De acordo com Iryna Zolotar, conselheira e chefe do departamento de comunicação do ex-ministro da Defesa ucraniano Oleksii Reznikov, a princípio funcionou uma "estratégia de otimismo", o que ajudou os ucranianos a acreditarem em si próprios, mas depois tornou-se a causa de uma história complicada em que as expectativas inflacionadas não correspondem à realidade. Zolotar observa que os artigos nos meios de comunicação ucranianos que descrevem a situação como "não tão boa" como a versão oficial foram considerados falsos.

"United News" telethon (a)

Desde fevereiro de 2022, os ucranianos passaram a ter acesso ao telejornal unificado United News, que se tornou uma ferramenta-chave na guerra da informação. Após o início da invasão russa da Ucrânia, vários canais de televisão ucranianos uniram-se para transmitir este telejornal conjunto. Os canais de TV próximos do oligarca e ex-presidente ucraniano Petro Poroshenko, como a Priamyi, 5 Kanal e Espresso TV, foram desligados da transmissão digital, embora mantivessem a capacidade de transmitir via satélite, YouTube e outras plataformas digitais, causando alguma dificuldade na identificação dos responsáveis ​​por esta ação. O teleton fornece notícias atualizadas da linha da frente, fornece conselhos de segurança à população e destaca a situação económica na Ucrânia. O projeto dá ao governo ucraniano a oportunidade de transmitir rapidamente as suas mensagens aos cidadãos. Uma das prioridades das autoridades ucranianas após a libertação dos territórios ocupados é a restauração das torres de TV para garantir o acesso à United News à população local, mas a Rússia está a resistir a isso.
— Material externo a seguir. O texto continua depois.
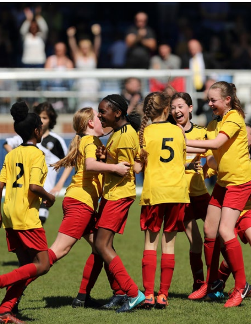
Watford FC Academy celebrate a goal during the Under 12 Girls Cup Final

The Hertfordshire FA County Cups provide an opportunity for local clubs to put their skills to the test against clubs from across the county and experience the magic of a knockout competition.

O "United News", embora tenha servido como uma demonstração da unidade do país, tem sido amplamente criticado pela comunidade profissional por ameaçar o pluralismo e a liberdade de expressão. Com o passar do tempo, a sua publicidade adquiriu um carácter de fraca qualidade e, a certa altura, tornou-se mesmo nociva. As transmissões do teleton começaram a fazer alegações deliberadamente falsas sobre o controlo da situação, a vitória iminente e as pequenas perdas entre os ucranianos em comparação com os da Rússia. Embora os verdadeiros números de vítimas ucranianas tenham sido omitidos, as imagens dos edifícios destruídos não estavam amplamente disponíveis.

Após quase dois anos de guerra, o interesse pelo programa diminuiu devido ao cansaço dos ucranianos. Os críticos afirmam que a United News distorce a realidade da guerra, mantendo o silêncio sobre os acontecimentos na frente de combate e enfraquecendo o apoio ocidental à Ucrânia, além de se tornar mais um porta-voz do governo ucraniano do que uma fonte objetiva. Os índices de confiança do teleton caíram nos últimos meses de 2023 devido à evolução do seu conteúdo e à perceção do programa como manipulação política. A cobertura da contraofensiva da Ucrânia em 2023 também causou descontentamento, pois parecia demasiado otimista, apesar dos contratempos e fracassos que acompanharam este período.

O especialista em média Igor Kulyas, analisando o teleton para a organização ucraniana detector.media [uk], observou que os participantes do programa durante a maior parte de 2023 concentraram-se na "eficácia e habilidade das forças ucranianas", enquanto as forças russas foram descritas de forma extremamente negativa, o que criou uma "realidade completamente diferente" em comparação com a situação real no terreno. De acordo com o detector.media, "dezenas e centenas" de militares ucranianos consideram a "Maratona Unida" como "um mundo divorciado da realidade, que é alimentado ao público ucraniano".

Fonte: Wikipédia

(a) "telethon": embora telethon em inglês normalmente se refira a uma maratona televisiva para angariação de fundos, neste contexto o termo é usado de forma diferente — refere-se a uma transmissão contínua e coordenada de informação noticiosa, especialmente durante uma crise.